抄録
【目的】我々は、28日間反復投与毒性試験のサンプルを活用したin vivo遺伝毒性評価法の構築を試みている。現在までに、DNA二重鎖切断の鋭敏なマーカーとして知られるリン酸化ヒストンH2AX(γH2AX)を指標とし、ラットおよびマウス28日間反復投与毒性試験系で遺伝毒性膀胱発がん物質を検出できる可能性を報告した(Toyoda et al., Toxicol. Sci. 2015)。本研究では標的臓器を肝臓とし、膀胱以外の臓器におけるγH2AXの遺伝毒性検出指標としての有用性について検討した。

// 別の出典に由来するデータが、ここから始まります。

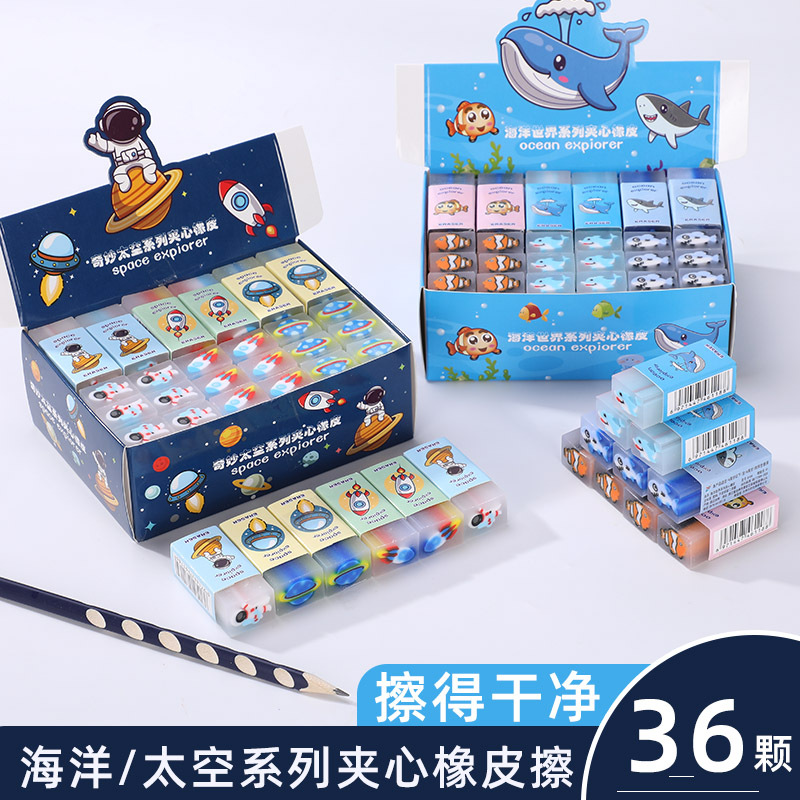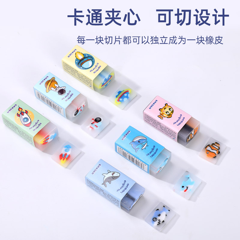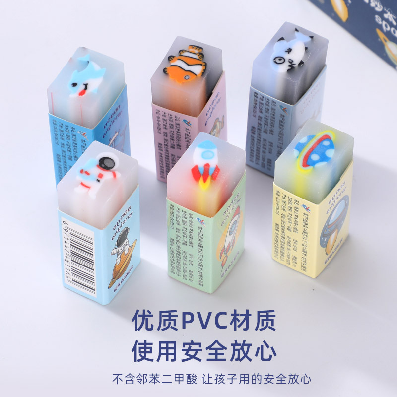 卡通火箭橡皮擦学生文具宇航员飞船动物铅笔擦海豚夹心不掉渣易净
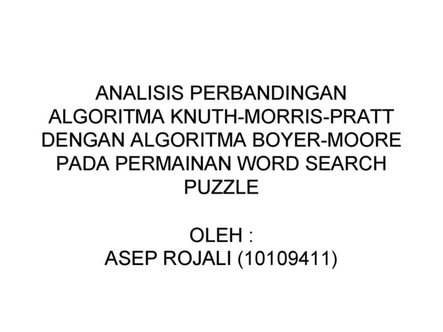 dalam puzzle yang tersusun secara random • Penelitian sebelumnya – Algoritma Knuth-Morris-Pratt (word search puzzle) – Perbandingan Algoritma Knuth-Morris-Pratt dan Algoritma Boyer-Moore

【方法】各群10匹の6週齢・雄F344ラットに、遺伝毒性肝発がん物質Diethylnitrosamine(DEN)および3,3-Dimethylbenzidine dihydrochloride(3,3'-DMB 2HCl)、遺伝毒性非肝発がん物質4-Chloro-o-phenylenediamineおよびN-Ethyl-N-nitrosourea、非遺伝毒性肝発がん物質Bis(2-ethylhexyl)phthalateおよび1,4-Dioxaneの計6物質を4週間混餌または飲水投与し、肝臓におけるγH2AXの発現を免疫組織化学的に解析した。
【結果・考察】4週間投与後の肝細胞におけるγH2AX陽性細胞率は、対照群と比較し、遺伝毒性肝発がん物質DEN投与群および非遺伝毒性肝発がん物質1,4-Dioxane投与群において有意な増加が認められた。一方で、遺伝毒性物質3,3'-DMB 2HClを含む他物質投与群では、有意な発現増加は認められなかった。γH2AX陽性細胞の増加が認められた2物質におけるγH2AXの発現部位を比較すると、DEN投与群では核内に微細点状に陽性像を示す細胞が80%を占めているのに対し、1,4-Dioxane投与群ではこれらの細胞は39%にとどまり、その一方で核膜上に環状のγH2AX発現を示す細胞が61%を占めていた。現在DNA修復および細胞周期関連因子についてのmRNA/タンパク質発現解析を実施しており、それぞれの投与群におけるγH2AX発現細胞の質的違いについて、これらの結果と併せて議論したい。